The integral of the ${\rm Q}$–function is not analytically solvable and is usually given in tabular form.  From the literature,  however,  manageable approximations or bounds for positive  $x$  values are known:

  • the  "upper bound"   ⇒   upper   $($German:  "obere"   ⇒   subscript: "o"$)$  blue curve in adjacent graph,  valid for  $x > 0$:
$$ {\rm Q_o}(x)=\frac{\rm 1}{\sqrt{\rm 2\pi}\cdot x}\cdot {\rm e}^{-x^{\rm 2}/\rm 2}\hspace{0.15cm} \ge \hspace{0.15cm} {\rm Q} (x) \hspace{0.05cm},$$
  • the  "lower bound"   ⇒   upper   $($German:  "untere"   ⇒   subscript: "u"$)$  blue curve in adjacent graph,  valid for  $x > 1$:
$$ {\rm Q_u}(x)=\frac{\rm 1-{\rm 1}/{\it x^{\rm 2}}}{\sqrt{\rm 2\pi}\cdot x}\cdot \rm e^{-x^{\rm 2}/\rm 2} \hspace{0.15cm} \le \hspace{0.15cm} {\rm Q} (x) \hspace{0.05cm},$$
  • the  "Chernoff-Rubin bound"  $($green curve in the graph, drawn for  $K = 1)$:
$${\rm Q_{CR}}(x)=K \cdot {\rm e}^{-x^{\rm 2}/\rm 2} \hspace{0.15cm} \ge \hspace{0.15cm} {\rm Q} (x) \hspace{0.05cm}.$$

In the exercise it is to be investigated to what extent these bounds can be used as approximations for  ${\rm Q}(x)$  and what corruptions result.



Hints:

  • The exercise provides some important hints for solving  "Exercise 1.16",  in which  ${\rm Q}_{\rm CR}(x)$  is used to derive the   "Bhattacharyya Bound"  for the AWGN channel.




Questions

1

What values do the upper and lower bounds for  $x = 4$  provide?
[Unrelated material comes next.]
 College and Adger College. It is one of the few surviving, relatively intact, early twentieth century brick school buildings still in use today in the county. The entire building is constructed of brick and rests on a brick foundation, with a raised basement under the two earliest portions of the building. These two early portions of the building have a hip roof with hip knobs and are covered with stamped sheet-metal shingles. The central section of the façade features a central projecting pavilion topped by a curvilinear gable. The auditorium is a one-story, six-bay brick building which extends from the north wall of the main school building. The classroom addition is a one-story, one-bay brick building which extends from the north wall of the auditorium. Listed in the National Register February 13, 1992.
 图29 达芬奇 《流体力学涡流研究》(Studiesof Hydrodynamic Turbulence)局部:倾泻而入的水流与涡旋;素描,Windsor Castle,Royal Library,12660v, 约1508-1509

${\rm Q_{o}}(x = 4) \ = \ $

$\ \cdot 10^{-5} $
${\rm Q_{u}}(x = 4) \ = \ $

$\ \cdot 10^{-5} $

2

What statements hold for the functions  ${\rm Q_{o}}(x)$  and  ${\rm Q_{u}}(x)$?
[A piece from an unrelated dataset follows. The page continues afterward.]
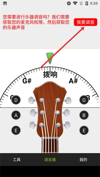 在调音器页面点击【我要调音】按钮,就能启动吉他调音流程。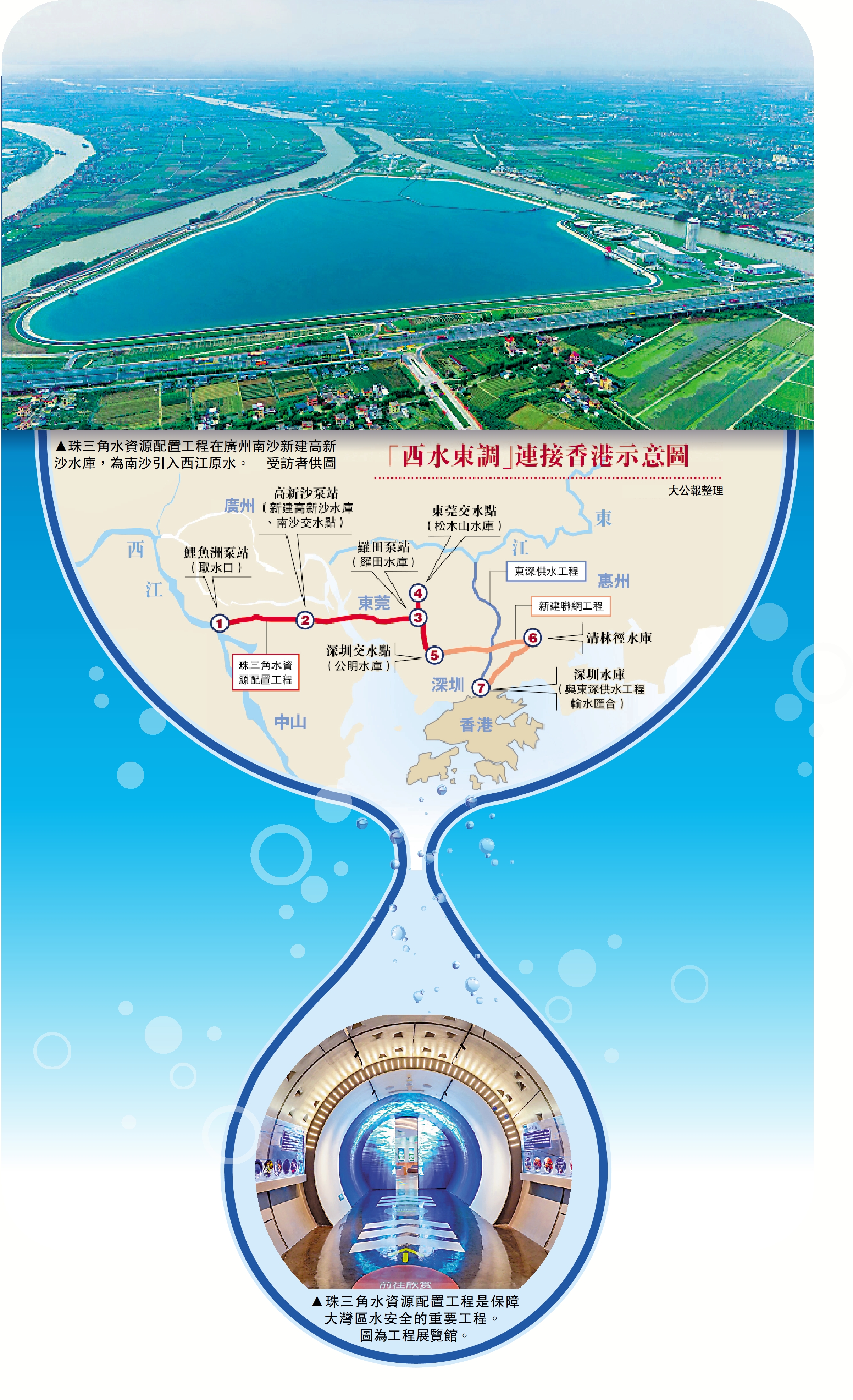 今後,南沙供水水源單一、鹹潮上溯影響、無應急備用水源等水資源難題將得到有效解決,百萬南沙人開始喝上用上量沛質優的西江水,進一步強化了灣區供水安全。該工程同時為香港、廣州番禺、佛山順德等多個城市提供應急備用水源,為大灣區可持續發展提供支撐。\大公報記者 李紫妍廣州報道

For  $x ≥ 2$:  Both bounds are usable.
For  $x < 1$:  ${\rm Q_{u}}(x)$  is unusable   $($because  ${\rm Q_{u}}(x)< 0)$.
For  $x < 1$:  ${\rm Q_{o}}(x)$  is unusable  $($because  ${\rm Q_{o}}(x)> 1)$.

3

By what factor is the Chernoff-Rubin Bound above  ${\rm Q_{o}}(x)$?
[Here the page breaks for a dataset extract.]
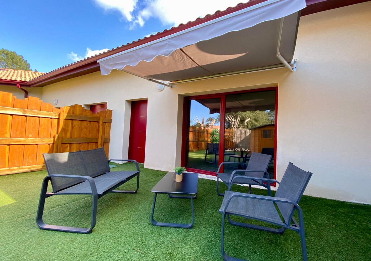 Netoli paplūdimių, Landų miško širdyje. Būkite suvilioti šiame ramybės prieglobstyje, kuriame yra visiškas privatumas (veikia tik nuo gegužės 15 d. iki spalio 15 d.). Šeimos atostogos mėgautis banglenčių sportu, dviračių takais ar paplūdimiais? Savaitgalis su draugais atsipalaiduoti ir mėgautis pasivaikščiojimais prie jūros? Šis būstas jums tiks, kad ir ko norėtumėte apsistoti. Jūsų augintinis yra Sveiki atvykę (su sąlygomis). Sodas yra uždaras.

${\rm Q}_{\rm CR}(x = 2)/{\rm Q_{o}}(x = 2 ) \ = \ $

${\rm Q}_{\rm CR}(x = 4)/{\rm Q_{o}}(x = 4 ) \ = \ $

${\rm Q}_{\rm CR}(x = 6)/{\rm Q_{o}}(x = 6 ) \ = \ $

4

Determine  $K$  such that  $K \cdot {\rm Q}_{\rm CR}(x)$  is as close as possible to  ${\rm Q}(x)$  and at the same time  ${\rm Q}(x) ≤ K · {\rm Q}_{\rm CR}(x)$  is observed for all  $x > 0$ .

$K \ = \ $


Solution

(1)  The upper bound is:

$${\rm Q_o}(x)=\frac{1}{\sqrt{\rm 2\pi}\cdot x}\cdot {\rm e}^{-x^{\rm 2}/\rm 2} \hspace{0.3cm} \Rightarrow \hspace{0.3cm} {\rm Q_o}(4 )=\frac{1}{\sqrt{\rm 2\pi}\cdot 4}\cdot {\rm e}^{-8 }\hspace{0.15cm}\underline{\approx 3.346 \cdot 10^{-5}}\hspace{0.05cm}.$$
  • The lower bound can be converted as follows:
$${\rm Q_u}( x)=(1-1/x^2) \cdot {\rm Q_o}(x) \hspace{0.3cm} \Rightarrow \hspace{0.3cm} {\rm Q_u}(4 ) \hspace{0.15cm}\underline{\approx 3.137 \cdot 10^{-5}} \hspace{0.05cm}.$$
  • The relative deviations from the  actual  value  ${\rm Q}(4) = 3.167 · 10^{–5}$  are  $+5\%$  resp.  $–1\%$.


(2)  Correct are the  solutions 1 and 2:

  • For  $x = 2$,  the actual function value  ${\rm Q}(x) = 2.275 \cdot 10^{-2}$  is bounded by  ${\rm Q_{o}}(x) = 2.7 \cdot 10^{-2}$  and  ${\rm Q_u}(x) = 2.025 \cdot 10^{-2}$, respectively.
  • The relative deviations are therefore  $18.7\%$ resp.  $-11\%,$.
  • The last statement is wrong:   Only for  $x < 0.37$   ⇒   ${\rm Q_o}(x) > 1$  is valid.



(3)  For the quotient of  ${\rm Q}_{\rm CR}(x)$  and  ${\rm Q_o}(x)$,  according to the given equations:

$$q(x) = \frac{{\rm Q_{CR}}(x)}{{\rm Q_{o}}(x)} = \frac{{\rm exp}(-x^2/2)}{{\rm exp}(-x^2/2)/({\sqrt{2\pi} \cdot x})} = {\sqrt{2\pi} \cdot x}$$
$$\Rightarrow \hspace{0.3cm} q(x) \approx 2.5 \cdot x \hspace{0.3cm} \Rightarrow \hspace{0.3cm} q(x =2) \hspace{0.15cm}\underline{=5}\hspace{0.05cm}, \hspace{0.2cm}q(x =4)\hspace{0.15cm}\underline{=10}\hspace{0.05cm}, \hspace{0.2cm}q(x =6) \hspace{0.15cm}\underline{=15}\hspace{0.05cm}.$$
  • The larger the abscissa value  $x$  is,  the more inaccurately  ${\rm Q}(x)$  is approximated by  ${\rm Q}_{\rm CR}(x)$.
  • When looking at the graph in the information section,  I first had the impression that  ${\rm Q}_{\rm CR}(x)$  results from  ${\rm Q}(x)$  by shifting to the right or shifting up. 
  • But this is only an optical illusion and does not correspond to the facts.



(4)  With  $\underline{K = 0.5}$  the new bound  $0.5 \cdot {\rm Q}_{\rm CR}(x)$  for  $x = 0$  agrees exactly with ${\rm Q}(x=0) = 0.500$.

  • For larger abscissa values,  the falsification  $q \approx 1.25 \cdot x$  thus also becomes only half as large.